# Watco Roofite for leaks?



## HollyLolly (Dec 25, 2009)

Has anybody tried this or anything similar for a leaky barn/stable/shelter roof?

Roofite® - Watco waterproofing roof repair compound

My field shelter has been pretty shoddy from the start (workmen who made it just wanted good money for crap basically but it's all I could afford really)

It leaks in heavy rain, and despite my efforts to felt, underlay and felt, it still leaks something terrible when it rains (and in England, it does that A LOT!)

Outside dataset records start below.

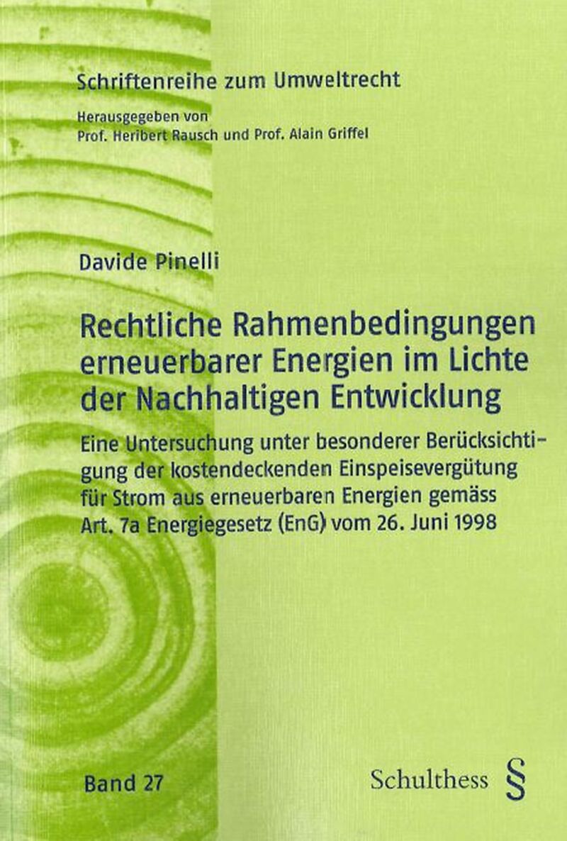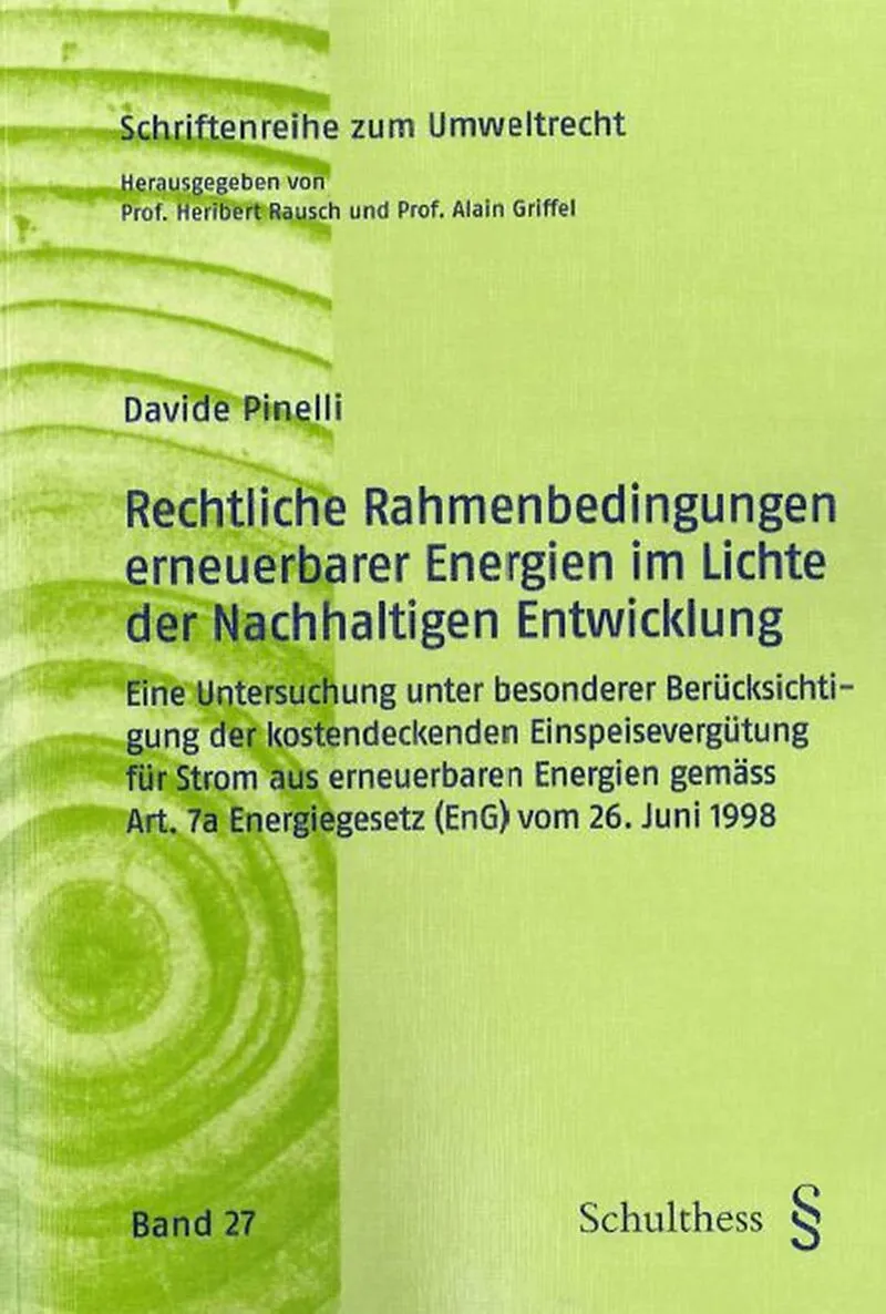 Die vorliegende Arbeit untersucht die rechtlichen Rahmenbedingungen der erneuerbaren Energien im schweizerischen Recht unter Berücksichtigung der Theorie der Nachhaltigen Entwicklung. Im Mittelpunkt steht die Entwicklung eines energiespezifischen Nachhaltigkei...
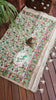 The saree features multicolor floral leafy jaal and bird motifs all over that adds elegance to the saree. The border is richly decorated with colorful Parsi Gara embroidery where the flowers are blooming in multicolors with leaves and birds. The edges of the saree are finished with cord piping and the pallu edges are beautified with adorable tassels. The Parsi style embroidery is the stunning beauty of the saree.
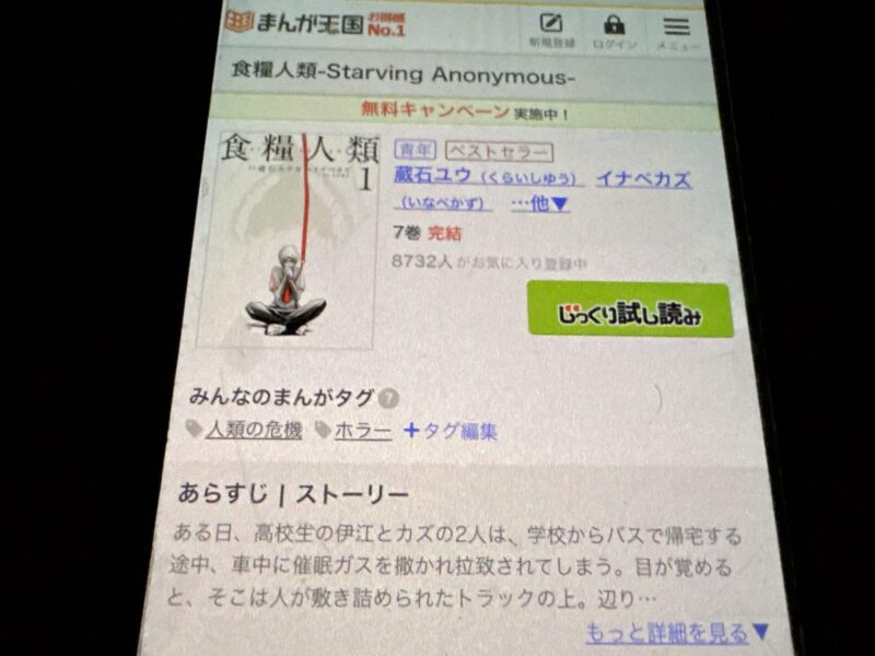キャンペーンを利用することで一部の巻は無料で読めるため、お得に食糧人類漫画を全巻読むためには利用しましょう
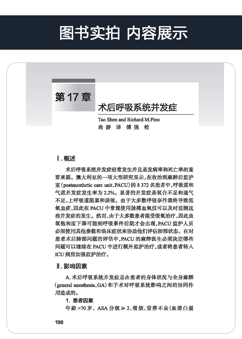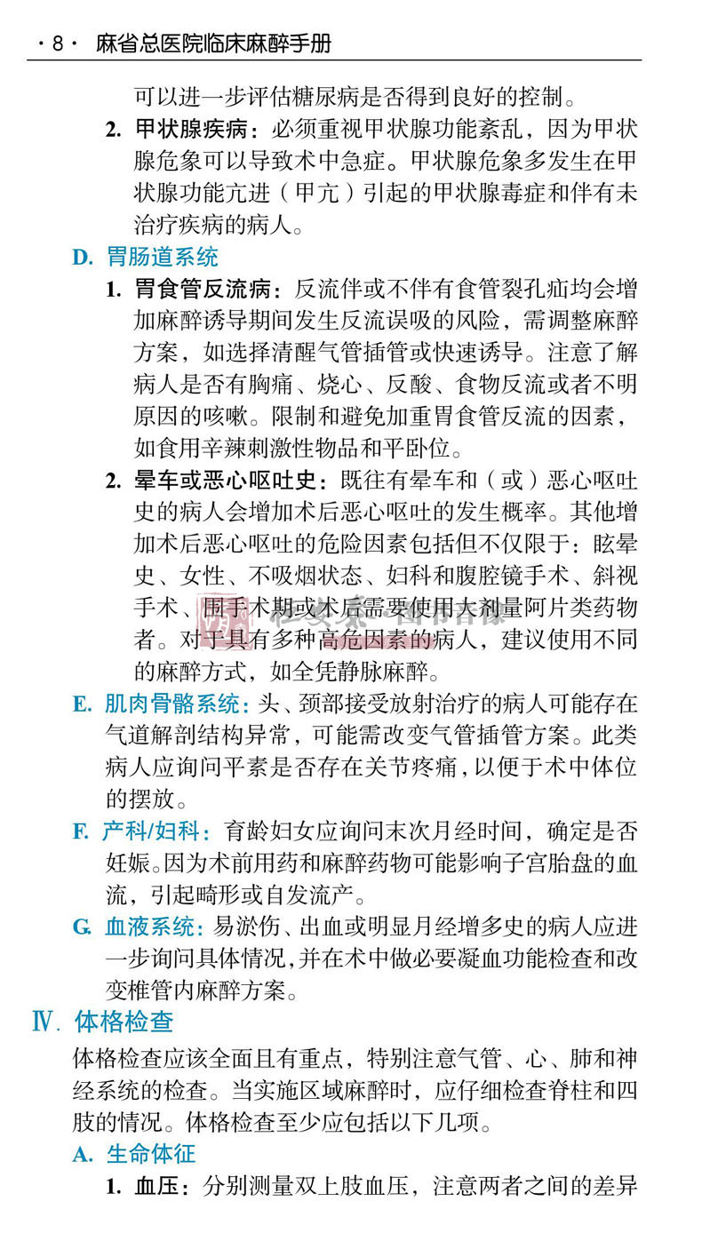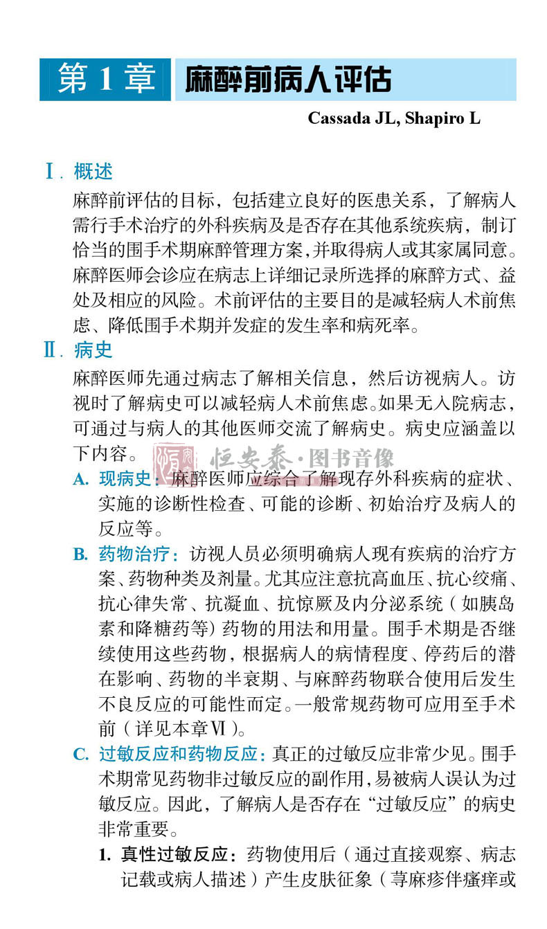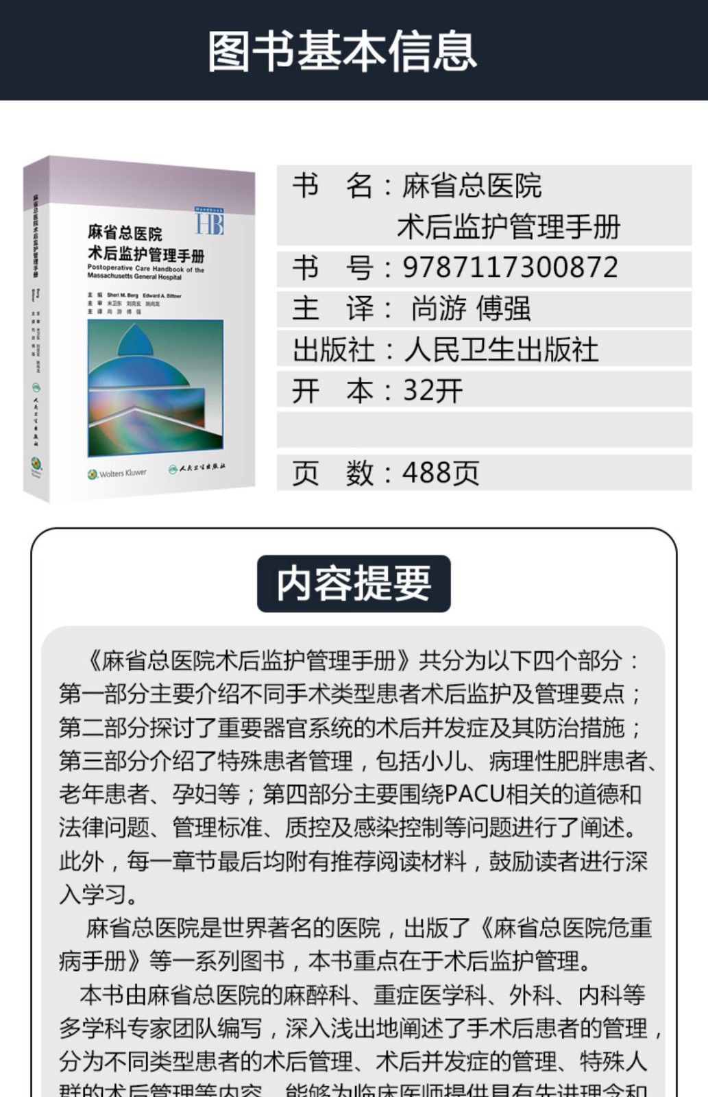 美國Handbook of Clinical Anesthesia Procedures of the Massach- usetts General Hospital一書,是由美國麻省總醫院麻醉科醫師編寫,其自第1版(1978年)出版40年來,不斷更新再版,現已出第9版。本書為原書第9版中文翻譯版,其內容在第8版基礎上進行了相應的章節調整:“門診手術麻醉”一章內容刪除,增加了“麻醉狀態下大腦的監測”和“脊柱外科手術麻醉”兩章;將“新生兒急症手術麻醉”改為“新生兒的管理”;將“圍手術期呼吸衰竭”改為“手術後肺部並發症”;其他章節也進行了增減修改。

There's not obvious hole or reason for the leak, just rubbish wood basically, and I was wondering if anyone had tried the above product or similar. Sounds fantastic, and my Step-Dad thinks so too (he's a joiner and conservatory fitter, so does have some knowledge, not just saying "Sounds good" and had no clue!)

Thanks in advance
Holly


----------



## Saddlebag (Jan 17, 2011)

We have a similar product, different name and yes it works good if you apply it as directed. My metal barn roof has a screw sized hole and a small blob of that stuff is still holding after 10 years. It has endured wicked heat as metal roofs do and -35 winter temps. That product seems to be paintable, ours is thicker.


----------



## HollyLolly (Dec 25, 2009)

Brilliant, thanks Saddlebag, definitely picking some up, as it's pouring and my poor ponies have a damp shelter now :-(
Thanks for your help


----------